▶ [Instructions to follow] Set out word for word the line that contains "堪察加半岛东南部的海岸线很不" and each line after it, through the end of the data below, but exclude the pictures.

▶ [The records]

===============

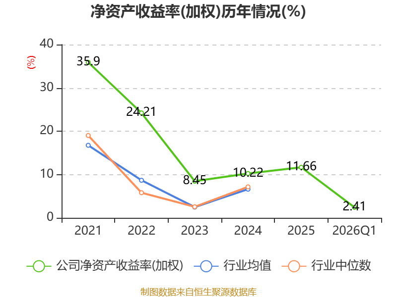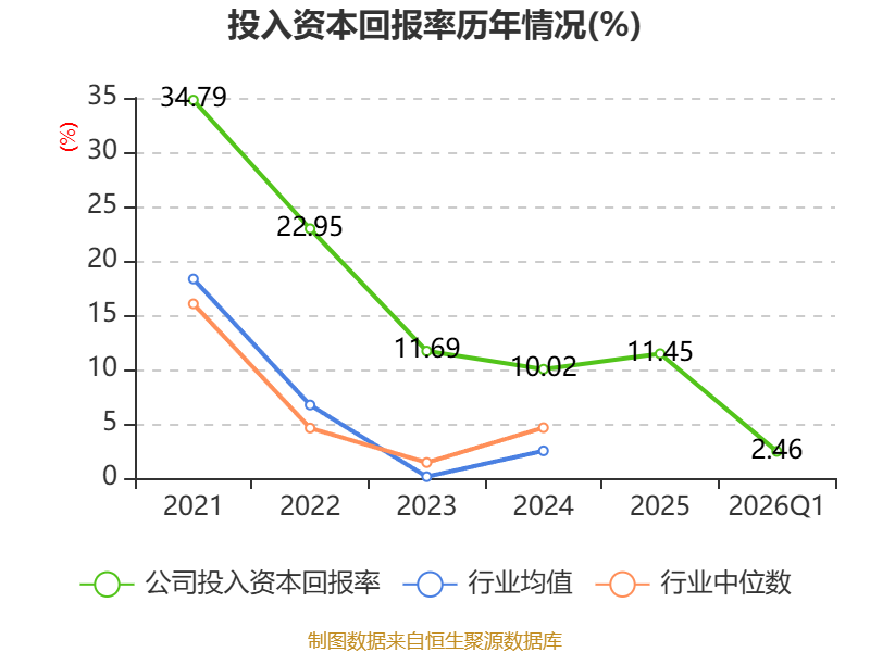 盈利能力方面, 2026年一季度公司加权平均净资产收益率为2.41%,同比上升0.41个百分点。公司2026年第一季度投入资本回报率为2.46%,较上年同期上升0.46个百分点。
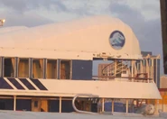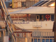 Visitors are brought to the island on large ferry boats from the American mainland; possibly Costa Rica. The ferries have two levels. Their colors are in the style of the park. The boats are white with blue lines. The back of the boats features the textless park logo.
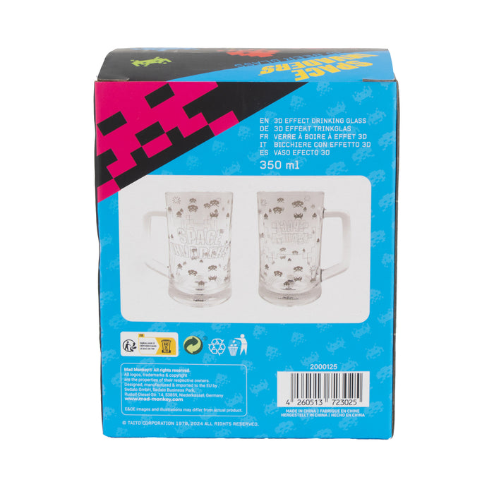 Das Bierglas besteht aus robustem Klarglas und bietet mit einem Fassungsvermögen von 350 ml genug Platz für dein Feierabendbier, eine Limo oder was auch immer dich beim nächsten Gaming-Abend begleiten soll. Die rundum gedruckten Space Invaders Motive – inklusive der klassischen Gegnerformation und dem bekannten Schriftzug – sorgen dafür, dass der nostalgische Vibe bei jedem Schluck mitkommt. Dank des stabilen Henkels liegt das Glas gut in der Hand.
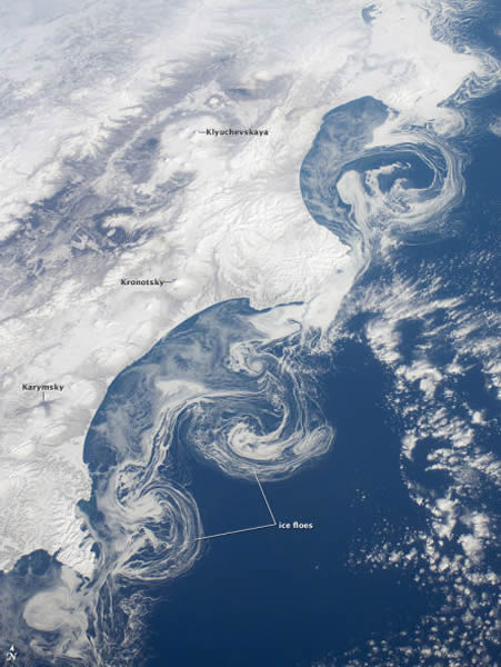 堪察加半岛东南部的海岸线很不规则,使来自西南方的堪察加海流在这里形成圆形涡流。在这幅照片的中央,我们可以看到浮冰衬托下的三个涡旋。这种涡流对远洋轮船非常危险。从ISS上看,这些浮冰可能会显得脆薄,但实际上它们中体积较小的冰块也有几米宽。照片右上角不是浮冰,也不是积雪,而是白云,这可以通过它们的高亮度和间断性来识别。
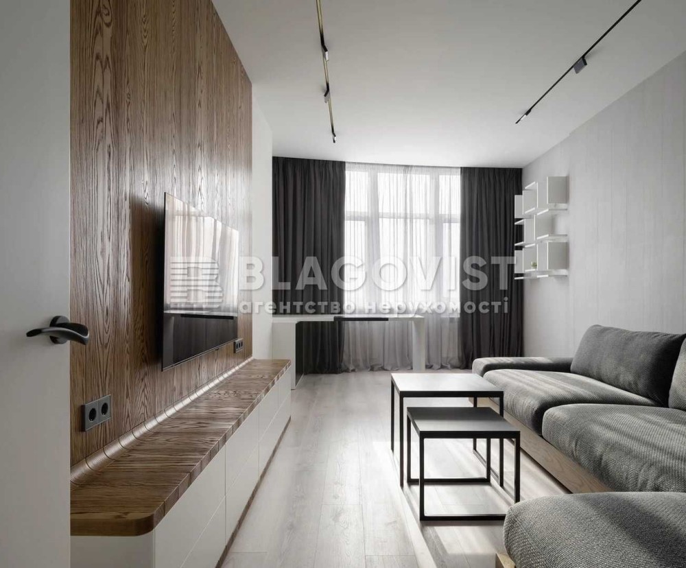 Архітектор зробив сучасний інтерєр, з відточенними деталями та без надлишкової вичурності. В зоні відпочинку використали натуральне дерево.Трекові світильники з магнітними кріпленнями дають можливість переміщати істочники світла. У ванній кімнаті-керамограніт Іспанія.

===============

▶ [Your solution]
 堪察加半岛东南部的海岸线很不规则,使来自西南方的堪察加海流在这里形成圆形涡流。在这幅照片的中央,我们可以看到浮冰衬托下的三个涡旋。这种涡流对远洋轮船非常危险。从ISS上看,这些浮冰可能会显得脆薄,但实际上它们中体积较小的冰块也有几米宽。照片右上角不是浮冰,也不是积雪,而是白云,这可以通过它们的高亮度和间断性来识别。
 Архітектор зробив сучасний інтерєр, з відточенними деталями та без надлишкової вичурності. В зоні відпочинку використали натуральне дерево.Трекові світильники з магнітними кріпленнями дають можливість переміщати істочники світла. У ванній кімнаті-керамограніт Іспанія.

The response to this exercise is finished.